Official U.S. government debt is $20 trillion and has increased exponentially for over a century.  Unfunded liabilities are 5 – 10 times higher.

Debt and M3 rapidly increase, while the economy and population slowly increase. The currency supply is continually inflated. The result is much higher prices for most goods and services, including wages, food stamps, gold, cigarettes, cars, gasoline, medical care, college tuition and many more.

“Food Stamps” program costs have exponentially increased for 35 years.

This is an ad for clothing from the 1930s.  Prices are much higher today because the dollar has been devalued by more than 90% since the 1930s.

By contrast, consider this ad from a recent Costco flyer.

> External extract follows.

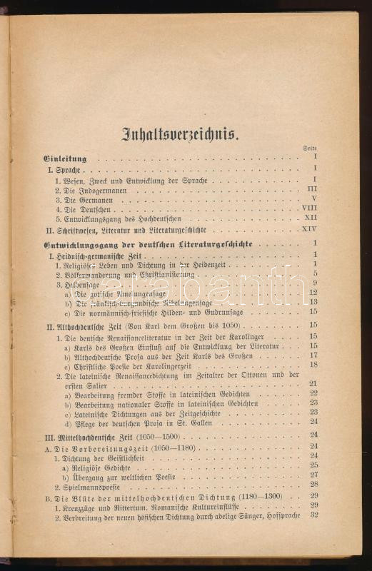 Description: Prosch, Franz: Leitfaden der deutschen Literaturgeschichte für den Unterricht in den oberen Klassen der österreichischen Mittelschulen. Wien, 1914, Kral Graefer & Kie., XIII+(1)+XVII+(1)+390 p. Második kiadás. Német nyelven. Kiadói félvászon-kötés, helyenként kissé foltos lapokkal, tulajdonosi bélyegzőkkel.
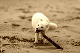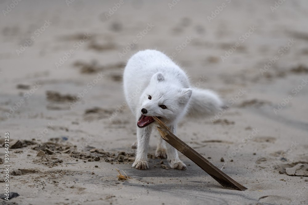 Arctic fox (Vulpes Lagopus) in wilde tundra. Arctic fox playing with wood.

Premier beef from Japan is on sale at three pounds for $399.00.  Yes, over $100 per pound, but very special.  Ordinary grocery store meat is cheaper, but far more expensive than when President Nixon severed the last link between the dollar and gold in 1971, thereby escalating the inflation of the currency supply.  Dollars devalue and prices increase, regardless of official statistics that show practically no consumer price inflation.

OBSERVATIONS

  • The wars in Afghanistan and Iraq continue. It benefits the military-industrial complex, lobbyists, and congress-persons to prolong these wars for decades.  If a war is fought to be prolonged, not won, we usually dislike the results.  Vietnam, Iraq, Afghanistan, and Syria come to mind.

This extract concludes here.